Without early termination fees, or ETFs, customers would pay hundreds of dollars more for smartphones, including Apple’s iPhone, AT&T said in a filing. AT&T customers get a US$400 discount on the 16GB Apple iPhone 3GS if they sign a two-year contract with a prorated ETF of $175, wrote Robert Quinn, AT&T’s senior vice president for federal regulatory affairs.
AT&T customers could also pass up the $400 discount and pay $599 for the iPhone without a two-year contract, Quinn said.
“Customers clearly understand that they have choices,” he wrote. “While the vast majority of AT&T’s subscribers choose term commitments and discounted or free handsets, AT&T has millions of month to month and prepaid subscribers. Still, overwhelming consumer demand for such bundled discounts drives carriers to make even highly sophisticated and costly devices like smartphones and netbooks available at steep discounts, even from the moment they are introduced.”
In January, the FCC asked U.S. wireless carriers and Google, which sells the Nexus One phone, to explain their ETFs. The comment deadline for the FCC’s inquiry into ETFs was Tuesday.
Several consumer groups have complained that ETFs are excessive, and in December, the U.S. Government Accountability Office released a survey saying that 42 percent of respondents wanted to switch carriers but did not because of ETFs.
In November, Verizon Wireless doubled the ETF for “advanced devices” to $350.
Since the FCC inquired about the Verizon fees in December, the company has made a couple of changes, wrote Kathleen Grillo, Verizon’s senior vice president of federal regulatory affairs. Verizon is changing the price displays next to phones in stores to include the ETF amount, and it has reduced the number of devices that have a $350 ETF, she said.
“Verizon Wireless strives to ensure that customers are aware of their options, understand the differences among those options, and have access to assistance when questions arise about their device and service plan,” Grillo wrote.
Google referred questions about the ETF charged in conjunction with its Nexus One phone to T-Mobile, the first carrier offering mobile service to Nexus One users. Customers can also purchase the Nexus One without a mobile service contract for $529, and Google is working to expand the number of carriers that support the device, wrote Richard Whitt, Google’s Washington, D.C., telecom and media counsel.
Google and T-Mobile have worked together to reduce ETFs from $350 to $150 starting earlier this month, Whitt added.
Some people providing comments to the FCC questioned if the terms of mobile phone subsidies are clear. While there have been discussions about mobile phone contracts and ETFs as financing the cost of smartphones, that’s not how the deals are sold to the public, wrote George Thiruva, an editor at Gadgetopolis.com.

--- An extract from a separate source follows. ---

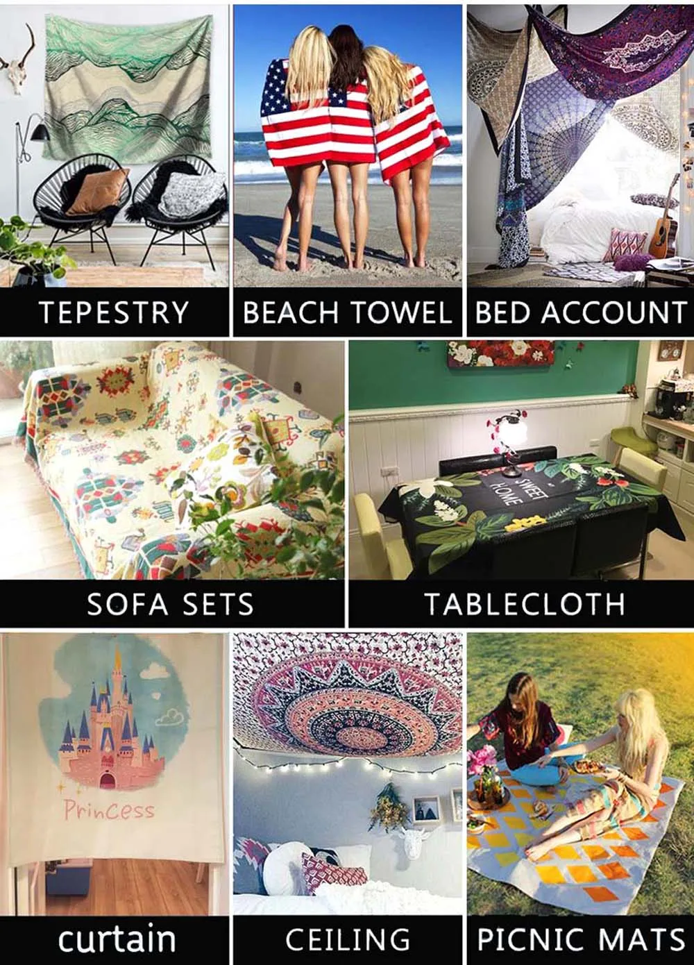 2. Эти гобелены можно использовать как одеяло для пикника, покрывало для кровати, пляжное полотенце, коврик для йоги, скатерти, занавески и, конечно же, как Гобелен или настенный подвешивание или декор или пледы на пляж, покрывало для колледжа.

“The general public probably has few complaints about using available financing to purchase high priced items when the terms are clear and honest,” Thiruva wrote. “But in this case, clarity and honesty is not something that customers get. In the marketing of cell phones sold by AT&T, T-Mobile, Verizon, Sprint, etc. there [is] almost never any indication that customers are entering into a ‘financing’ arrangement.”
AT&T has a Web page advertising free cell phones, Thiruva noted. “None of these products are really ‘free’ since AT&T requires a two year service contract and will charge an early termination fee if applicable,” he wrote.